Но эти времена безвозвратно канули в прошлое. Мальчик вырос и по праву занял свое место в обществе. Недавно его выдвинули на Доску почета и наградили премией по итогам года в размере 211 рублей 14 копеек. Ведь жизнь ярче и полнее всякой выдумки. И пусть это сказано не нами, но это сказано для нас и по праву принадлежит нам, как и все остальное, что есть вокруг.
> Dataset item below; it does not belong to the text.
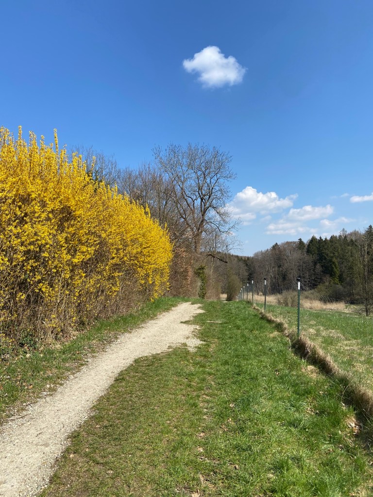 Unser erstes Etappenziel ist das Schloss Seefeld. Vom Bahnhof Seefeld-Hechendorf geht es hinab zur Seefelder Straße und entlang dieser in Richtung Ortschaft Seefeld. Schon auf den ersten Metern merken wir, dass sich die Natur hier teilweise noch im Winterschlaf befindet. Zarte Pflanzentriebe oder erste Frühlingsblumen, wie wir sie bereits in Freiburg schon gesehen haben, sind hier rar.

А Нина Сидоровна служит теперь редактором в издательстве и помогает авторам выпускать много нужных, полезных книг.
ГЛАВА 1963
Сын офицера
В тот день, на стадионе, отец дал мне горсть сальных пятаков и трояшек. Я засунул их в рот и стал катать языком. Вскоре я, конечно, посинел и стал хрипеть. Меня держали за ноги, как Буратино, уговаривали, ласкали, но все напрасно, пока не прибежала грязная старуха-болгарка. Она сильно стукнула меня по спине, и я выплюнул в пыль мокрую медь. Старухе дали денег. Она собрала грязную мелочь и пропала.
Рядом с пустырем стояла воинская часть, а еще дальше в степи жили заключенные. Мы ходили в степь, она была сухая и растрескавшаяся, как плитка столярного клея. В степи росли жесткие глянцевые колючки прямо на белесых пятнах, которые назывались солончаками.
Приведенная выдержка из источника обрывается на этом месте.